Sigo intentando limpiarme.
Quitarme del alma los reproches, las excusas que me pesan como piedras, ese susurro hiriente que repite:
“podrías haberlo hecho mejor”.
Toda la tierra que me arrojo encima podría alzar un cadalso, pero también un refugio.
Y sin embargo, me empeño en levantar muros que se cierran sobre mí, ciegos, fríos, impenetrables.
Nunca es suficiente.
Por más que me esfuerce, siempre queda una tela invisible que enturbia la luz.

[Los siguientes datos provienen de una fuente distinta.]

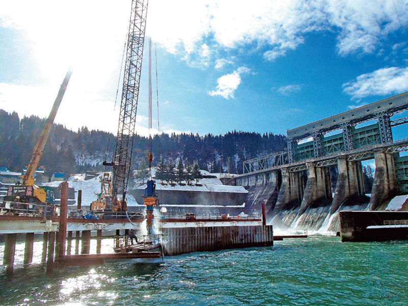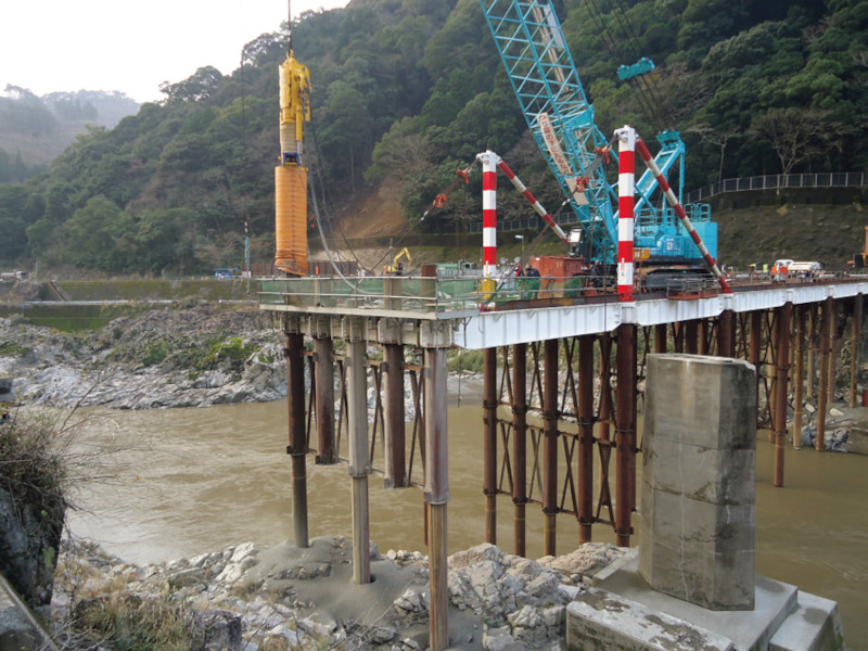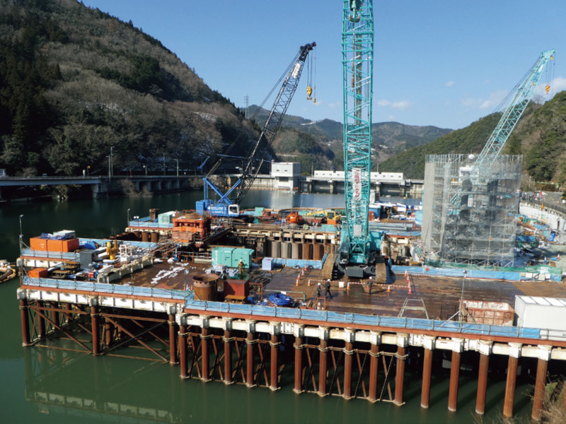 従って、ダムのリニューアルや機能追加工事では、ダム湖特有の数10mに及ぶ大水深、ダム下流の硬質岩盤層への根入れが求められる工事用道路や作業構台工、鋼管矢板を必要とする堅固な締切工等の、重仮設工の確実かつ急速な施工が工事の成否を決定付ける不可欠の要件となる。

Ser tan exigente conmigo es un veneno lento.
Me cuesta colgar medallas
en el pecho que las merece.
Quizá la clave no sea arrancar esta voz, sino aprender a convertir el látigo en abrazo y dejar que el muro me proteja, si logro mirarlo distinto.
En cada grieta se abre un resquicio y por él se cuela la claridad.
La vida me recuerda, con paciencia, que incluso en la sombra puede germinar la esperanza.
No busco borrar mis errores, camino con ellos, como quien lleva cicatrices que cuentan mil historias.
Quizá nunca deje de exigirme, pero podría hacerlo sin cadenas, sin culpas.
Y tal vez, en ese gesto mínimo, encuentre la paz que he estado buscando tanto tiempo.